An exact repetition of the data is required; no picture should appear in it.

Data section -
━━━━━━━━━━

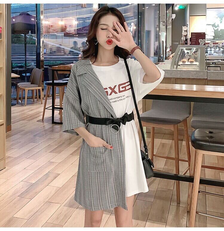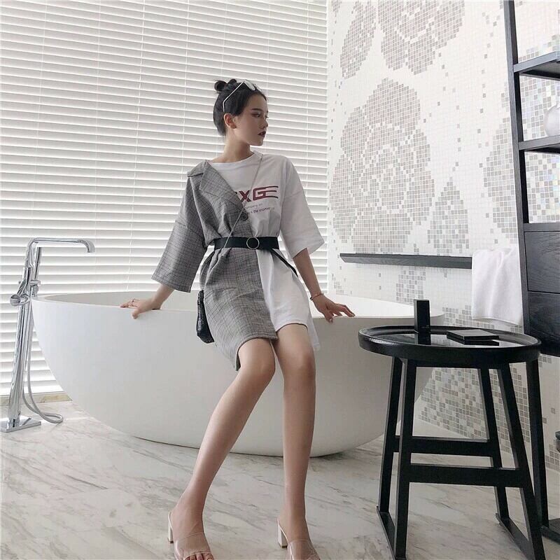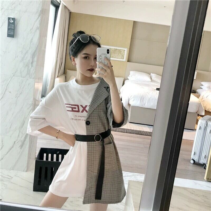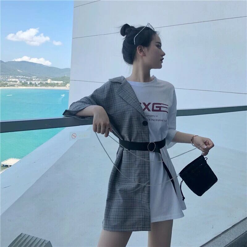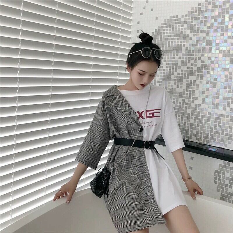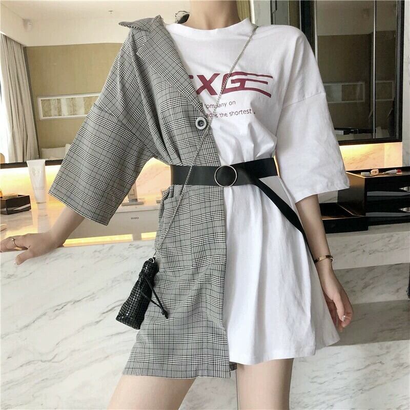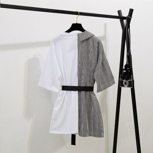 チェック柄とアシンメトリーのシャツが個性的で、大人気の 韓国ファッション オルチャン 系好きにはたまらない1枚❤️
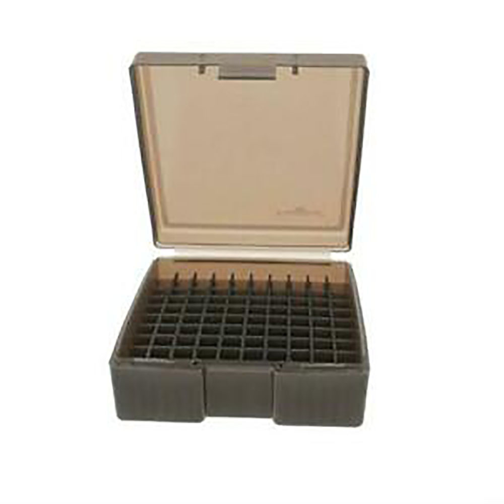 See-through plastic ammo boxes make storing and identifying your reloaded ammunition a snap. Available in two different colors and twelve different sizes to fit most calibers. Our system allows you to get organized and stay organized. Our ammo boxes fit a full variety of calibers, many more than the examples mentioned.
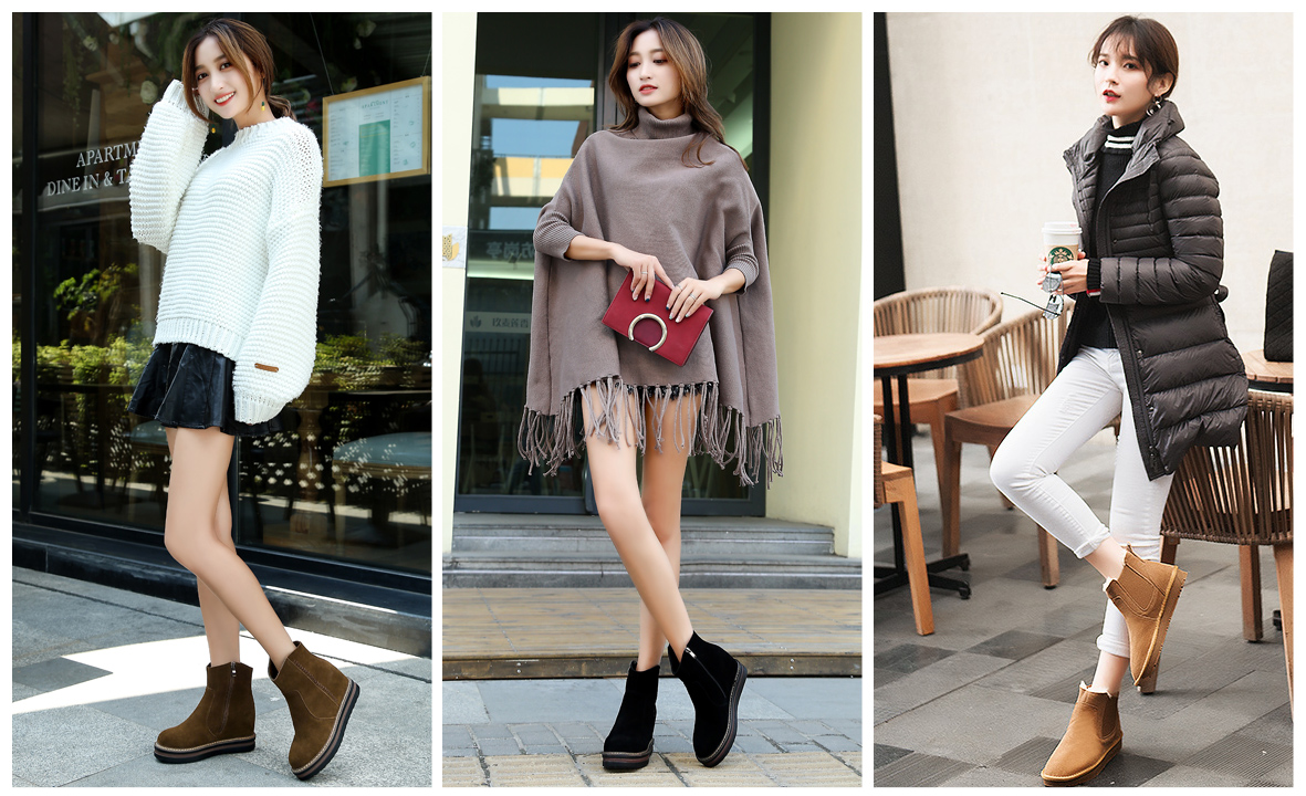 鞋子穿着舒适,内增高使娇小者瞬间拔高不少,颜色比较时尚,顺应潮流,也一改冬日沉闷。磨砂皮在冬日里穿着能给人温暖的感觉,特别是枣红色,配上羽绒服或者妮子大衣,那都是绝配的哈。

━━━━━━━━━━

Answer box -
 チェック柄とアシンメトリーのシャツが個性的で、大人気の 韓国ファッション オルチャン 系好きにはたまらない1枚❤️
 See-through plastic ammo boxes make storing and identifying your reloaded ammunition a snap. Available in two different colors and twelve different sizes to fit most calibers. Our system allows you to get organized and stay organized. Our ammo boxes fit a full variety of calibers, many more than the examples mentioned.
 鞋子穿着舒适,内增高使娇小者瞬间拔高不少,颜色比较时尚,顺应潮流,也一改冬日沉闷。磨砂皮在冬日里穿着能给人温暖的感觉,特别是枣红色,配上羽绒服或者妮子大衣,那都是绝配的哈。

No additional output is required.